We won't aggregate these into a single data_source argument. Instead make all arguments optional, but enforce that either a filepath or a product argument (but not both) is given.

Re: The docs

Plan is to use the existing page for nested variables, but restructure the page so it starts talking generally about the Variables class, then transitions to showing how you can also use the class directly from a Query object.

rwegener2 commented 9 months ago

This PR is almost totally ready for review. I ran into one bug while running all the example notebooks that I'm looking for some help with.

In line 479 of variables.py there is an if/else statement:

    478 if self._vartype == "order":
    479     nec_varlist = [
    480         "sc_orient",
    481         "sc_orient_time",
   (...)
    488         "end_delta_time",
    489     ]
    490 elif self._vartype == "file":

In this new iteration of Variables there is no more vartype.

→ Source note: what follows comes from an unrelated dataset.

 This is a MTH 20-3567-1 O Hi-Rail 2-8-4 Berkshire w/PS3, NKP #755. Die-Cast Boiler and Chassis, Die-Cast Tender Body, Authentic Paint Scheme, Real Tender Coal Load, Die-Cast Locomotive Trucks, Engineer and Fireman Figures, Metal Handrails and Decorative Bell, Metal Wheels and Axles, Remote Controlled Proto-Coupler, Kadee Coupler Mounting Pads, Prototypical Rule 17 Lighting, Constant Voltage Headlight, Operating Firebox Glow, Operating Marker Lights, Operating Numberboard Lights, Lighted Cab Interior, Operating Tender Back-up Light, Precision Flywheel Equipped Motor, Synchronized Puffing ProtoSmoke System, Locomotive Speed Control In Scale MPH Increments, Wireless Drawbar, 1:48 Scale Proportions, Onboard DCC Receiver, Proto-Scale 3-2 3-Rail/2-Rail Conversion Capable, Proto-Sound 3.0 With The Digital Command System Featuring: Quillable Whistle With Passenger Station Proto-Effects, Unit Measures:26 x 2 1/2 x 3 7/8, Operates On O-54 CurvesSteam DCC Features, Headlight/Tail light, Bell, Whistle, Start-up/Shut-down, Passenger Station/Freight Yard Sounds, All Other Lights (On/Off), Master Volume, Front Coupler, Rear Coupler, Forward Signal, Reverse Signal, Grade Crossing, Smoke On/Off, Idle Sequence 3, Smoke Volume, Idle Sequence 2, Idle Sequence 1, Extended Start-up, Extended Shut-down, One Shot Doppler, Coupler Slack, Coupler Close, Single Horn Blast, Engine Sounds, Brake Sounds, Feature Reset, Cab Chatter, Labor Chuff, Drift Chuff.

If the vartype used to be order now Variables just takes in the product and version and generates a variables list from that.

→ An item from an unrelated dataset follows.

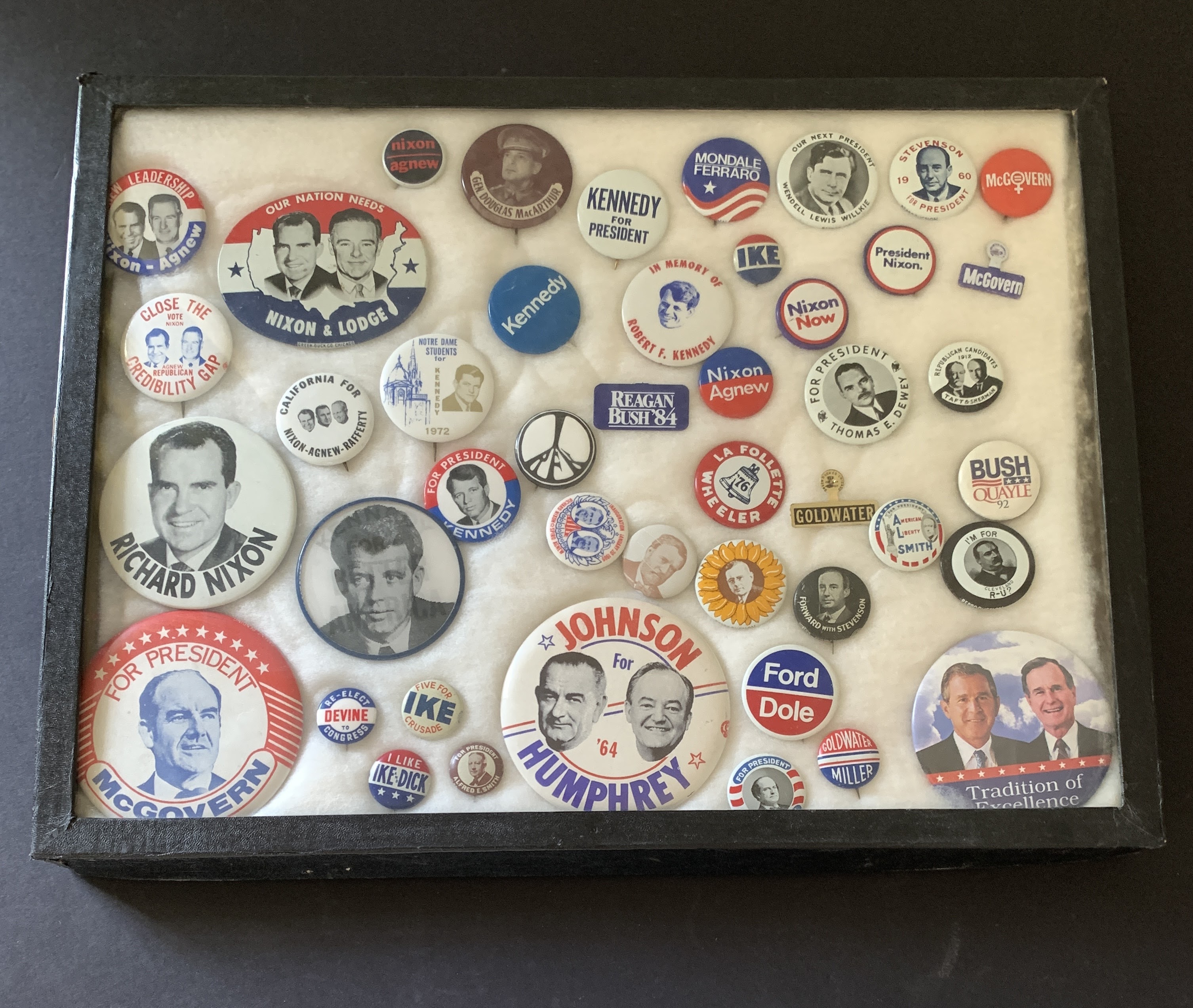a. New Leadership (Nixon/Agnew), b. Notre Dame Students for [Ted]Kennedy 1972, c. General Douglas MacArthur, d. Kennedy (blue), e. Close the Credibility Gap-Republian (Nixon/Agnew), f. Inauguration, January 20, 1969 Richard Nixon and Spiro Agnew, g.[Robert] Kennedy for a Better America (hologram type), h. IKE (red, white,blue), i. Five for Ike, j. [Robert] Kennedy for President, k. California for Nixon-Agnew-Rafferty, l. I like Ike and Dick, m. RFK (peace sign), n. Re-Elect Devine to Congress, o. Kennedy for President, p. In Memory of Robert F. Kennedy.

So my question is: what was the purpose of using different sets of nec_varlists based on the vartype? I'm trying to figure out if this can be modified to run without knowing a vartype. cc: @JessicaS11

Context

If it is helpful, I found this while running the Building the default variables list section of the Subsetting notebook. The line:

region_a.order_vars.append(defaults=True)
pprint(region_a.order_vars.wanted)

Raised the error:

AttributeError                            Traceback (most recent call last)
Cell In[7], line 1
----> 1 region_a.order_vars.append(defaults=True)
      2 pprint(region_a.order_vars.wanted)

File ~/icepyx/icepyx/core/variables.py:478, in Variables.append(self, defaults, var_list, beam_list, keyword_list)
    475 self._check_valid_lists(vgrp, allpaths, var_list, beam_list, keyword_list)
    477 # add the mandatory variables to the data object
    478 if self._vartype == "order":
    479     nec_varlist = [
    480         "sc_orient",
    481         "sc_orient_time",
   (...)
    488         "end_delta_time",
    489     ]
    490 elif self._vartype == "file":

AttributeError: 'Variables' object has no attribute '_vartype'
review-notebook-app[bot] commented 9 months ago

Check out this pull request on  ReviewNB

See visual diffs & provide feedback on Jupyter Notebooks.


Powered by ReviewNB

JessicaS11 commented 9 months ago

So my question is: what was the purpose of using different sets of nec_varlists based on the vartype?

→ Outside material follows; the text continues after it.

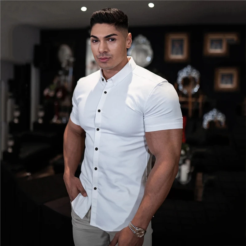 Рубашка мужская для бега с коротким рукавом, модная спортивная супер облегающая Деловая одежда, одежда для спортивного зала и фитнеса, лето

Fundamentally, the Variables instance from within query is of vartype "order", while the Variables instance from read is of vartype "file". For users using variable subsetting to order data, we wanted to make sure that they got back some minimal set of variables they'd need (or appreciate having) to work with the data (but wouldn't necessarily order on their own initially) without needing to place another data order. This was likely more important when the data was just coming out and there was no a priori knowledge for most lab groups on what variables/groups/paths they might want. From the read side, there are a few pieces of information we need to be able to index/manipulate/merge across granules, so this allowed us to mandate they're included.

(As an aside: The non-implemented interactions of a query.variables instantiation with a type "file" confuses this, and if memory serves were the start of making it possible for the user to create a query object by supplying an ICESat-2 granule (i.e. file), I think with the goal that they could then still use the variables module to explore the variables in the file. It's probably worth my trying to find some more background on this idea (EDIT: #34) and, I'm guessing, removing this non-implemented code from query to clean things up.)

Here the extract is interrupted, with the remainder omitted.